What are the lines from the top of the entries through the one with "Comfortable lightweight skirt"? Write them out exactly, with no pictures.

**Supplied information**
+++++
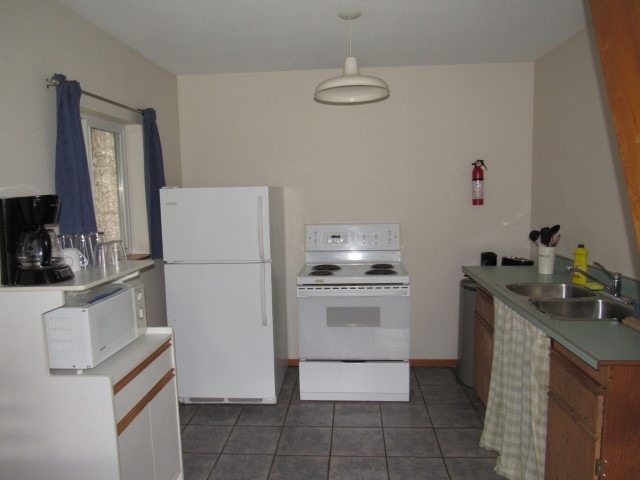 This cabin sleeps up to 4 adults with 2 queen size beds and a full size hide-a-bed. It has a full kitchen with appliances including a fridge, stove, microwave and also a BBQ**. Note: This cabin's
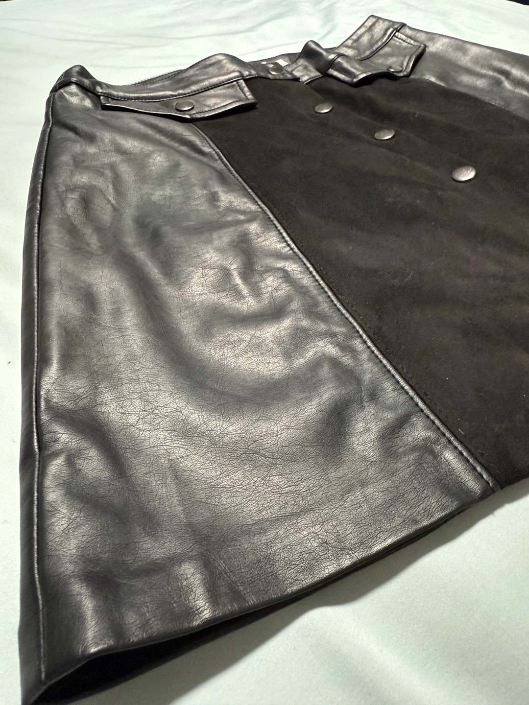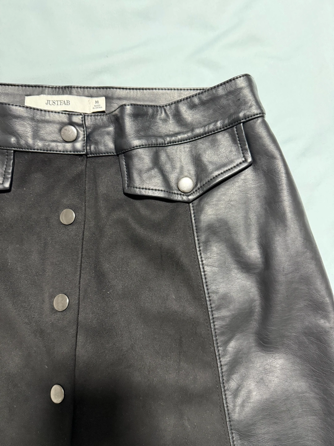 Comfortable lightweight skirt featuring a snap-button front, faux leather paneling, and faux suede center. Western-inspired flap pocket details at the waist. Worn maybe once or twice. Size M
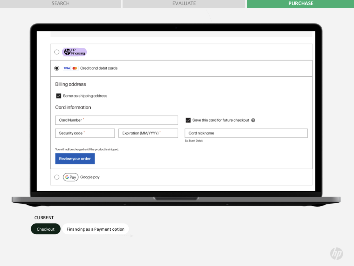 I led the UX strategy for integrating BNPL into HP’s eCommerce experience and my responsibilities included:
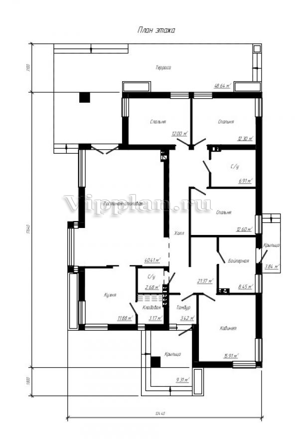 | Размеры дома: | 12.44м×17.64м |
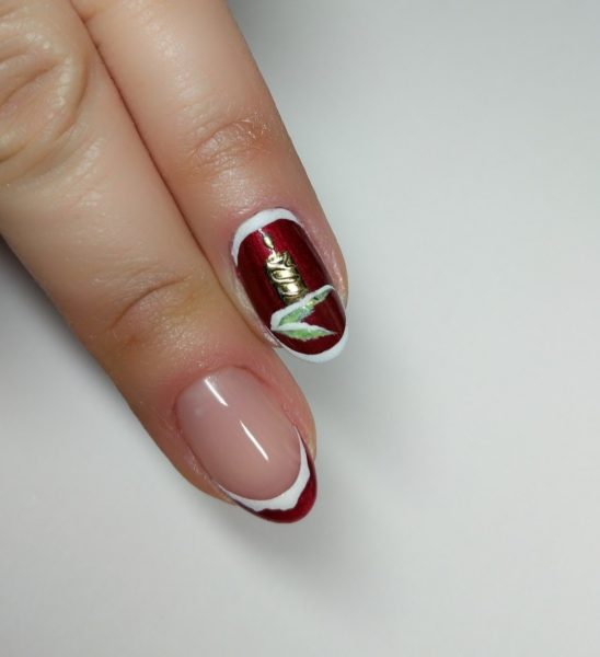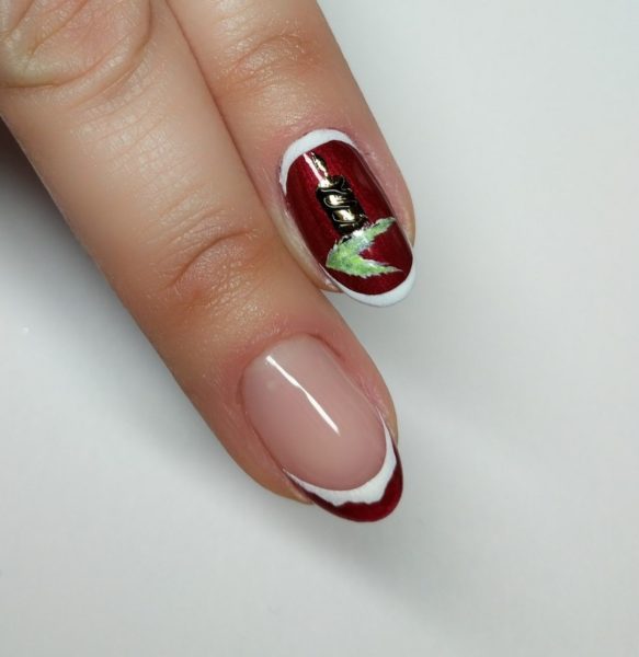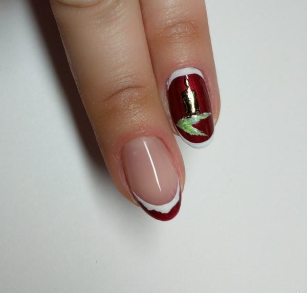Using different green Gelish Gel Polishes, add shades to the twig and cure. With All that Jazz 3D Nail Art Foil Gel, paint a candle, then cure. Press All That Jazz Gold Nail Art Foil on the candle.
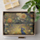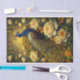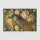 This opulent composition celebrates the majestic beauty of a peacock amidst a lush garden of cream and golden roses. The artwork masterfully combines Eastern decorative traditions with Western botanical detail, creating a richly layered visual feast. The peacock's iconic plumage, rendered in royal blues and gleaming golds, creates a natural mandala effect against the luminous background, while cream and butter-yellow roses unfurl in baroque abundance.
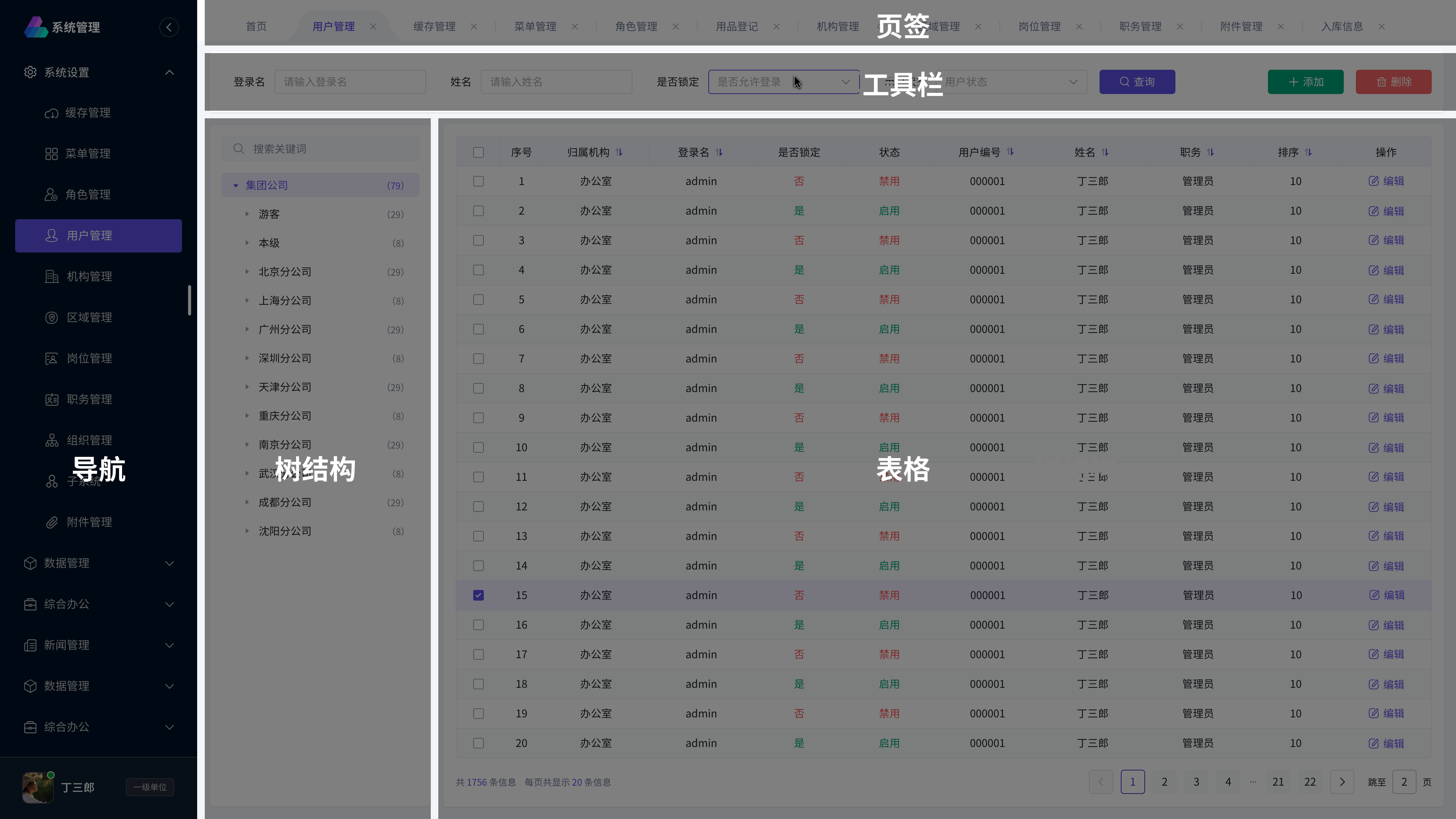 根據人的視線流和操作順序,將樹結構放置在表格左側,先幫助用戶定義表格的具體內容,后引導用戶進行表格內的操作
+++++
**Solution to this exercise**
 This cabin sleeps up to 4 adults with 2 queen size beds and a full size hide-a-bed. It has a full kitchen with appliances including a fridge, stove, microwave and also a BBQ**. Note: This cabin's
 Comfortable lightweight skirt featuring a snap-button front, faux leather paneling, and faux suede center. Western-inspired flap pocket details at the waist. Worn maybe once or twice. Size M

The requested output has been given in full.